The traditional Finnish Christmas pastries use prune marmalade as filling. You guessed it: I’ve ketoized the marmalade as well, and you’ll get it as a bonus recipe. For the keto marmalade, you still use prunes for authentic taste, but the sugar content is dropped dramatically compared to the regular sugary version. When the sugary prune marmalade has 7.6 grams net carbs per tablespoon, my keto marmalade has only 1.8 grams net carbs per tablespoon. For one pastry, you need just a teaspoon or two for a fabulous flavor!
Read on to find the ultimate keto version for the traditional Finnish pastries that we gulp down humongous amounts during the holidays here in Finland.
How to make these ketoized Finnish Christmas Pastries
Even this recipe might sound exotic, it simply uses Fathead dough, aka mozzarella dough. For the filling, I recommend my sugar-free prune marmalade.

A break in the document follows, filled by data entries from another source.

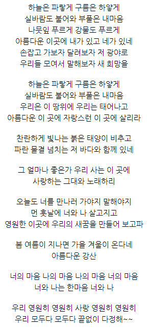 언제 들어도 밝고 격조 높은 애국가 같은 노래입니다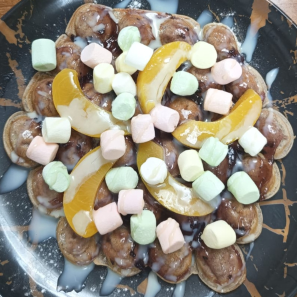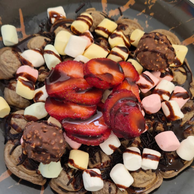 Deliciosa Waffle Futal elaborada con 1 Jalea ó Mermelada con 2 Toppings y 1 Fruta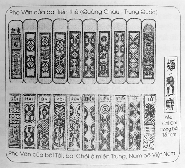 Bộ bài tiền thẻ của Trung Hoa có dấu tích rõ nét ở nước ta là ở bộ bài Tới, bài Chòi hiện nay. Nhà nghiên cứu Trần Gia Anh đã so sánh từng pho trong hai bộ bài để tìm thấy những nét tương đồng (xem hình 1, 2, 3).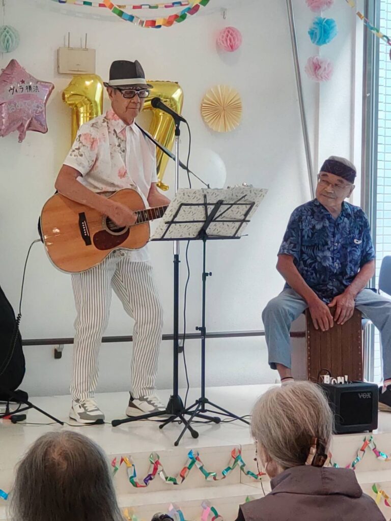 <メッセージ>50歳後半でバンドのヴォーカルを担当。後に高齢者施設でギターで歌うボランティア活動を始め、高齢者が高齢者に歌を届けています!80歳になりますがもう少し頑張ります!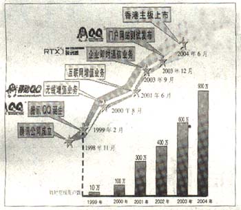 正是憑借著這些優(yōu)勢,即時通信吸引聚集著一些忠誠用戶,并開始搭建網(wǎng)絡(luò)廣告、無線增值等一系列各種潛在的交易平臺?梢韵胂螅粋絕佳的聊天窗口同時也是一個方便的交易窗口和暢通的付費(fèi)入口,即時通信正在摸索一條前所未有的盈利模式。有專家指出,經(jīng)過近5年的曲折前行,即時通信的盈利模式將在2005年逐步明確。以騰訊QQ為例,我們來剖析一下即時通信的盈利模式是如何由模糊走向清晰的。從1999年2月QQ發(fā)布到2000年5月,QQ迅速聚攏了10萬用戶。2000年8月,騰訊公司同廣東移動合作,僅僅用了一年就扭虧為盈,實(shí)現(xiàn)了1000萬人民幣的純利潤。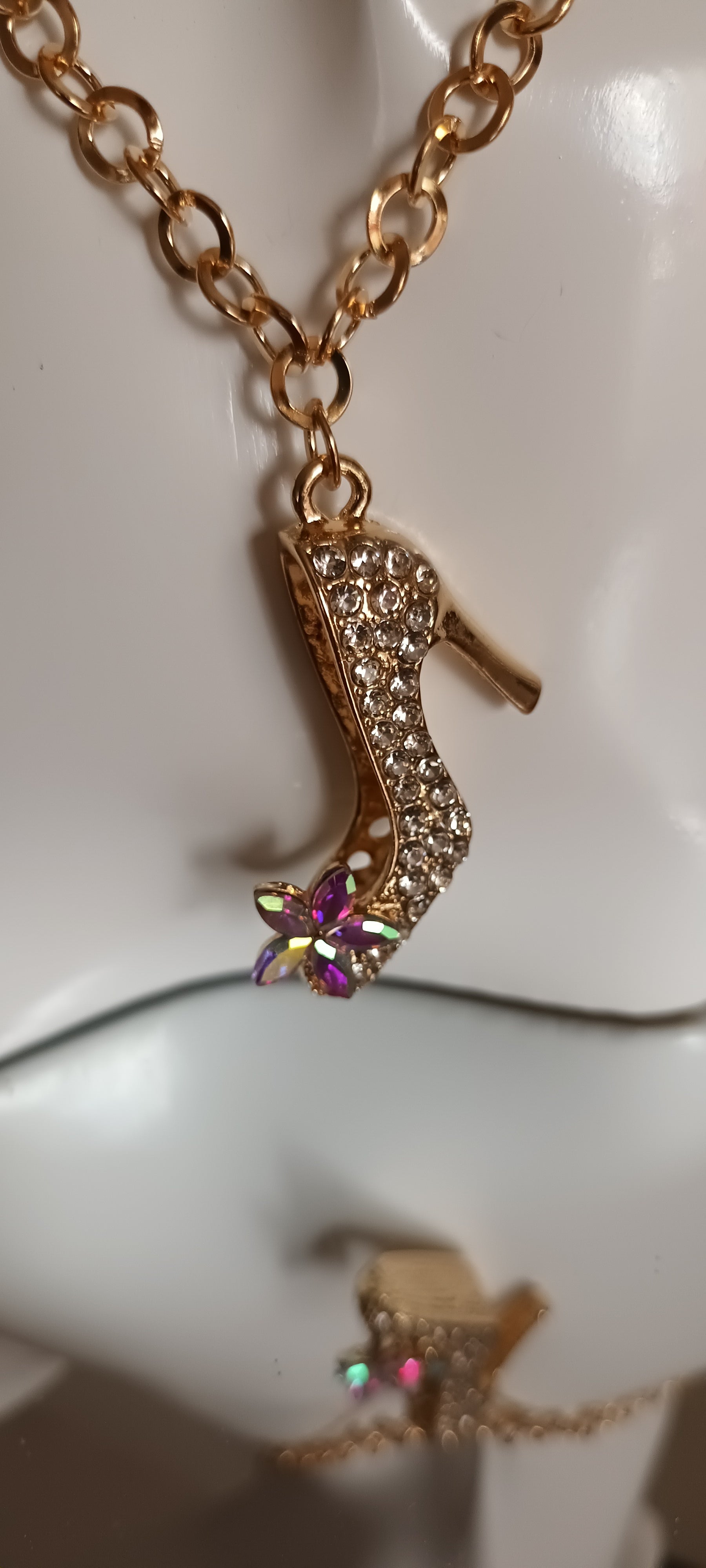 Collier pendentif chaussure à talon avec strass accessoire chic et élégant , détail petite fleur cristaux transparents ,en acier inoxydable ,pour accompagner vos tenues du quotidien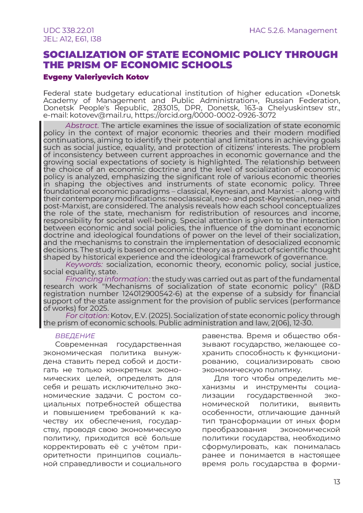 В статье рассмотрена проблема социализаци государственной экономической политики в контексте основных экономических теорий и их модифицированных современных продолжений для выявления их возможностей и ограничений в достижении целей социальной справедливости, равенства и защиты интересов населения. Выделена проблема несоответствия текущих подходов в экономическом управлении требованиям растущих социальных ожиданий общества. Раскрыта связь между выбором экономической доктрины и уровнем социализации экономической политики, подчёркивается важная роль различных экономических теорий в формулировании целей и инструментариев осуществления государственной экономической политики. Рассмотрены три базовые экономические парадигмы – классическая, кейнсианская и марксистская, а также их современные модификации: неоклассическая, нео- и посткейнсианская, нео- и постмарксистская. Проведенный анализ позволяет определить, как каждая из этих школ понимает роль государства, механизм перераспределения ресурсов и доходов, ответственность за социальное благополучие общества. Особое внимание уделено взаимодействию экономической и социальной политики, влиянию доминирующей экономической доктрины и идеологического базиса власти на уровень их социализации, механизмам сдерживания реализации десоциализированных решений в экономической политике. Исследование опирается на экономическую теорию как продукт научной мысли, формируемый под влиянием исторического опыта и идеологического базиса власти.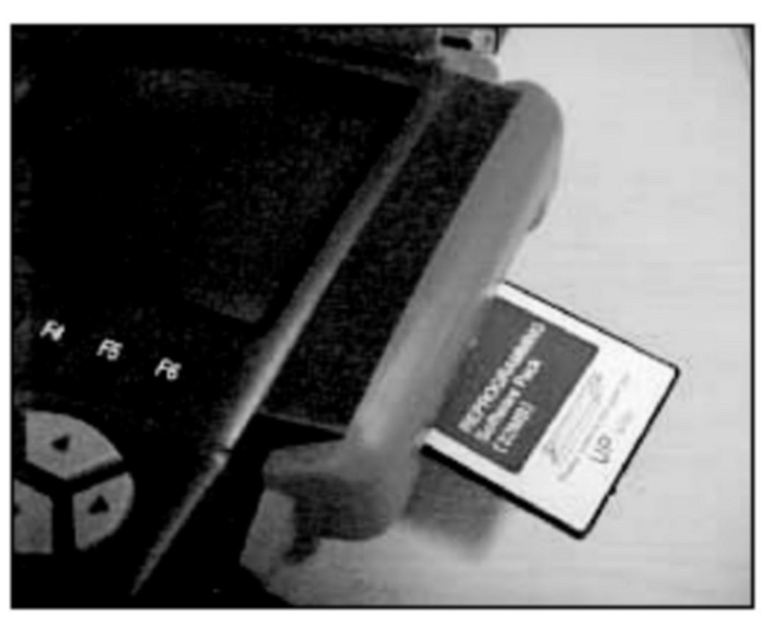 1. Remove the system software card from the Hi-Scan Pro and insert the blue reprogramming software card with the new ECM program into the Hi-Scan Pro upper slot.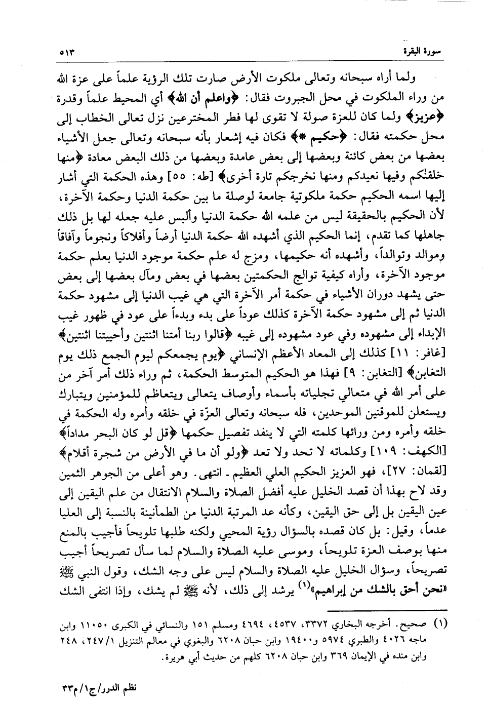 وهو أعلى من الجوهر الثمين وقد لاح بهذا أن قصد الخليل عليه أفضل الصلاة والسلام الانتقال من علم اليقين إلى عين اليقين بل إلى حق اليقين ، وكأنه عد المرتبة الدنيا من الطمأنينة بالنسبة غلى العليا عدماً ، وقيل : بل كان قصده بالسؤال رؤية المحيي ولكنه طلبها تلويحاً فأجيب بالمنع منها بوصف العزة تلويحاً ، وموسى عليه الصلاة والسلام لما سأل تصريحاً أجيب تصريحاً ، وسؤال الخليل عليه الصلاة والسلام ليس على وجه الشك ، وقول النبي ( صلى الله عليه وسلم ) ( نحن أحق بالشك من إبراهيم ) يرشد إلى ذلك ، لأنه ( صلى الله عليه وسلم ) لم يشك ، وإذا انتفى الشك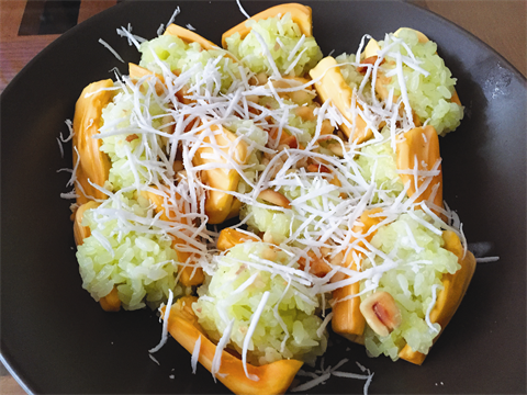 Mettre un peu de riz gluant déjà cuit dans le quartier de jaque évidé. Saupoudrer d’un peu de lamelles de noix de coco, de sésame torréfié et égrugé et, enfin, ajouter un peu de lait de coco.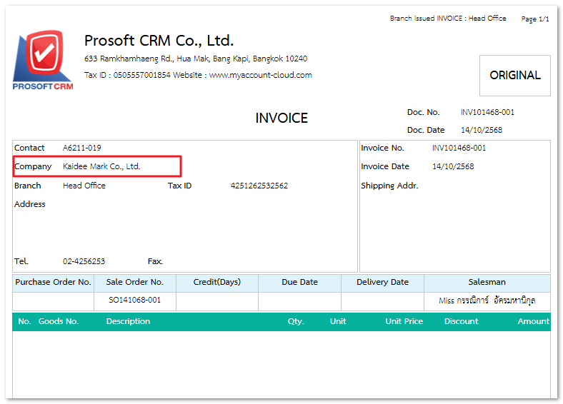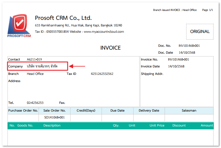 กรณีผู้ใช้ ใช้งานโปรแกรมภาษาอังกฤษแต่แบบฟอร์มใบกำกับภาษีแสดงชื่อลูกหนี้เป็นภาษาไทย ดังตัวอย่างรูปภาพข้างต้น สามารถแก้ไขได้ดังนี้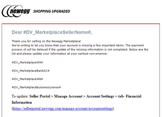 而且如果未通过审核,Newegg系统会自动给商家发送一封提醒邮件,如下,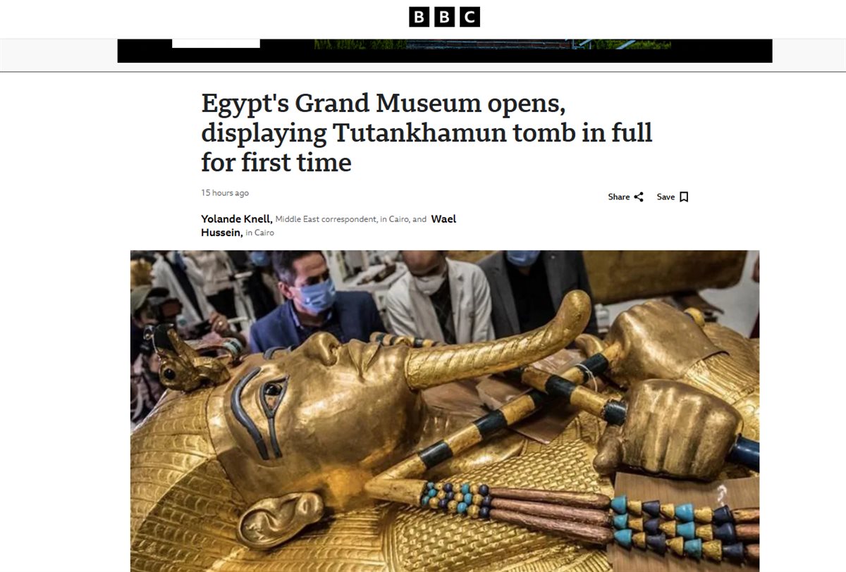 بي بي سي: افتتاح المتحف المصري الكبير وعرض مقبرة توت عنخ آمون كاملة لأول مرة
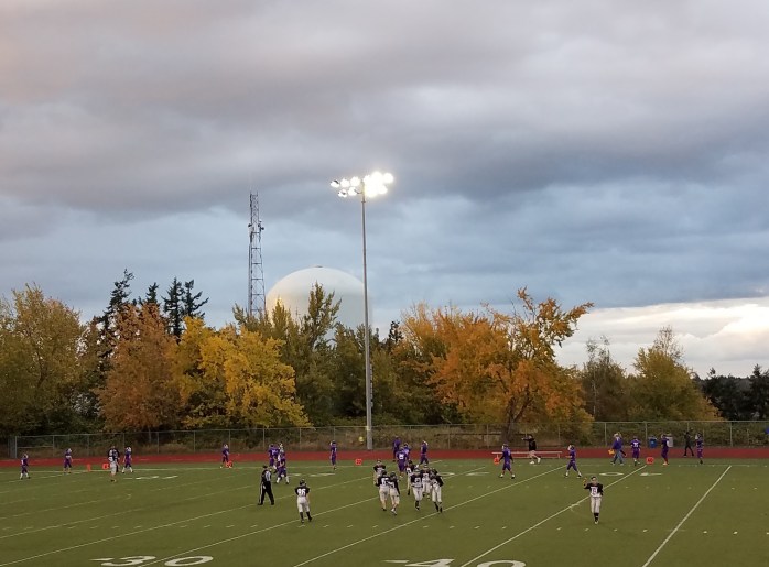 Okay so I’m not that much of a football fan. And I began to notice the lovely fall colors and how the purple uniforms (our team) blended into the scene; and the red track circling the field made a nice accent.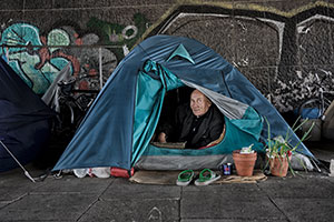 Wer sind die Menschen, die in unserer Stadt unter Brücken leben? Die Fotografin Lena Maja Wöhler hat einige der 2000 Obdachlosen getroffen. Heute im Porträt: Saitan, der unter der Kersten-Miles-Brücke lebt – und Gitarre spielt.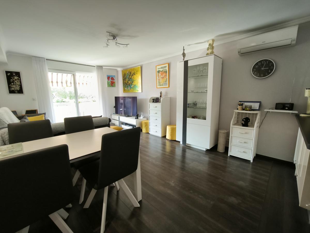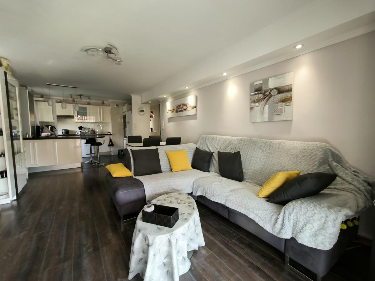 VIAGER occupé sur 2 têtes (un monsieur de 78 ans et une dame de 80ans). Val Fleuri, résidence sécurisée. Appartement de type 4 pièces au premier étage, traversant d'angle avec un hall d'entrée avec placards un séjour avec cuisine américaine équipée, terrasse d'angle de 21m². 3 chambres, une salle d'eau, un wc indépendant avec lave-mains. Nombreux rangements, climatisation réversible dans toutes les pièces , double vitrage de partout récent (2023) cumulus 200L neuf. Stores et volets roulant électriques avec fermeture centralisée et individuelles

However, you can use any sugar-free jam or marmalade that stands baking. And don’t despair if your favorite sugar-free jam or marmalade doesn’t stand baking: just bake the pastries first without filling and place a dollop of your favorite jam or marmalade in the center of the baked pastry. It’s still considered traditional! More filling suggestions you’ll find at the end of this post, in the Tips for Variations section.
Without further ado, and as there will be many progress photos showing you how to make the dough and especially make the fancy star shape, I try to keep the explanations concise and helpful. Anyway, since a picture is worth a thousand words, there will be many pictures rather than many thousands of words.
Well, still the final note before we get into the actual action: if you are not in a mood for making fancy star shapes, you can make half-moons by cutting out circle patterns from the dough. I’ll show you also that method.
So let’s first make the Fathead dough in a saucepan (you will soon learn why I prefer to make the dough in a saucepan rather than in a microwave!).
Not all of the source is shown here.